Having described in detail the hours it took to feed and care for Emily every day, he was asked if they had ever discussed that their lives would be better without Emily. He said they had not.

“She was part of our life,” he said.

“How much?” he was asked.

“All of it,” he replied.

He said his partner would never hurt Emily.

“I don’t think she saw her life without Emily,” he said. “Emily was

her number one priority.”

He said she was an easy child to love.

The accused woman’s sister testified that Ms Scully had used her expertise as a doctor to improve her child’s life.

Teresa Scully told Mr Fogarty that her sister was a pillar of strength, who had helped their mother care for her younger siblings when their father died.

“All Bernie ever wanted to do was to have a little baby of her own, and there was no-one more deserving because all she had done all her

life was give, give, give,” she said.

She explained that the accused and her husband had gone through a number of IVF treatments, with the third resulting in the pregnancy with Emily.

“She just wanted that little baby so much and she was over the moon,” she recalled. “The sun shone over her and no-one could darken her days.”

She said that, soon after was born, it was apparent that Emily had some difficulties and she was eventually diagnosed with microcephaly.

“Her world went black and she was devastated by the news that her little baby was going to struggle in life,” she said.

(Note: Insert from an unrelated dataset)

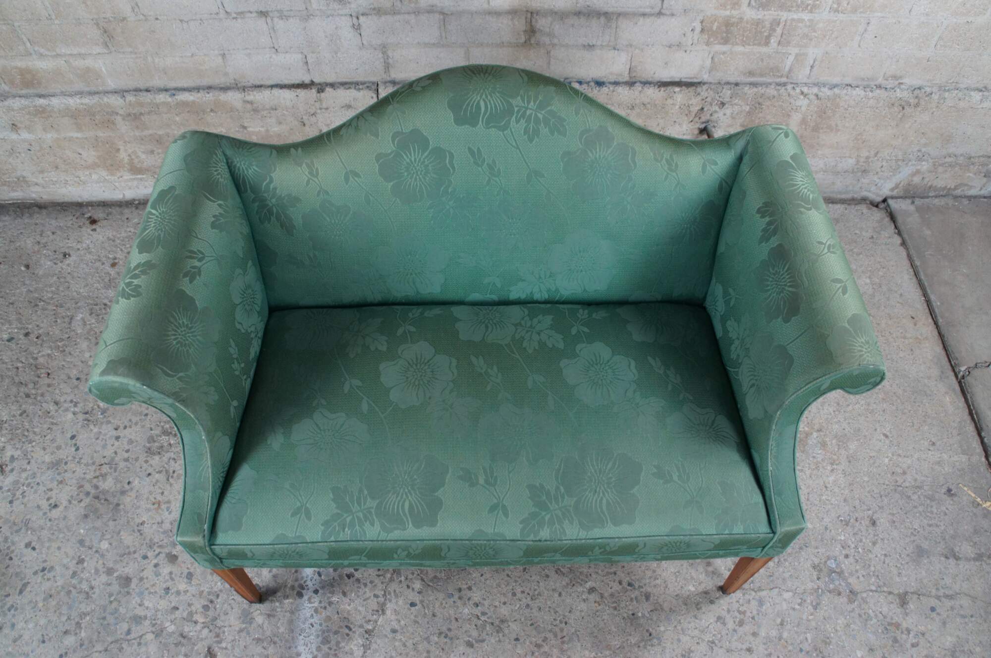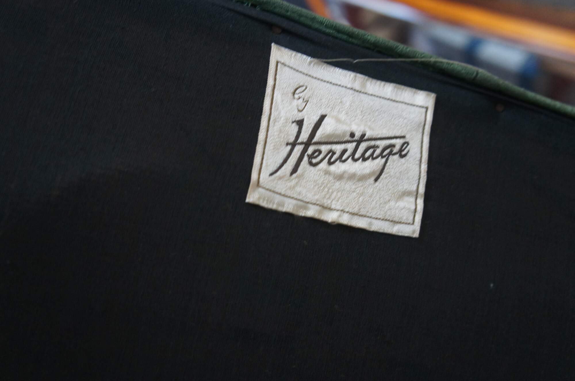 A beautiful pair of Mid Century sofas by Heritage Furniture, circa 1960s. Heritage later became Drexel Heritage. Features a camelback form over square tapered mahogany legs. Covered in a floral green fabric. Comes with neutral striped slip covers.

“Bernie’s instinct was to care,” she said. “With her love, compassion and devotion to that little baby,... she decided to use her expertise as a doctor to improve her life, her outcomes.”

She said she would spend up to two hours several times a day trying to feed Emily. However, at any moment, Emily could gag and all that food and nutrition would come back up.

She said she went to a number of clinics in England to try to learn more.

“If she came away with one little bit of information to improve Emily’s life, she’d be happy,” she said, mentioning that the pathologist had noticed no contractions of her limbs despite lack of movement.

“That’s all down to Bernie,” she said.

Ms Scully said she had seen Emily have seizures when her sister and niece had gone to stay with her and her three children in England following the death of her husband. He had died in 2008 while serving in Afghanistan.

“It was very frightening, very severe, very distressing for Bernie,” she said. “As a doctor, as a human being, she could never bear to see anyone hurting.”

Ms Scully said that the time leading up to Emily’s death was difficult and exhausting for her sister.

“She was already sleep-deprived over many years,” she said.

When asked about hearing that there would be a murder charge, she said she couldn’t see how anyone could question her sister’s care or what had happened to Emily.

She had earlier told Tara Burns SC, prosecuting, that she had found a bag of wet clothing in her sister’s bedroom a few days after Emily’s death and she had handed it over to the gardai.

“I was very concerned about the wetness of the clothes,” she said.

The trial continues before Mr Justice Patrick McCarthy and a jury of seven women and five men.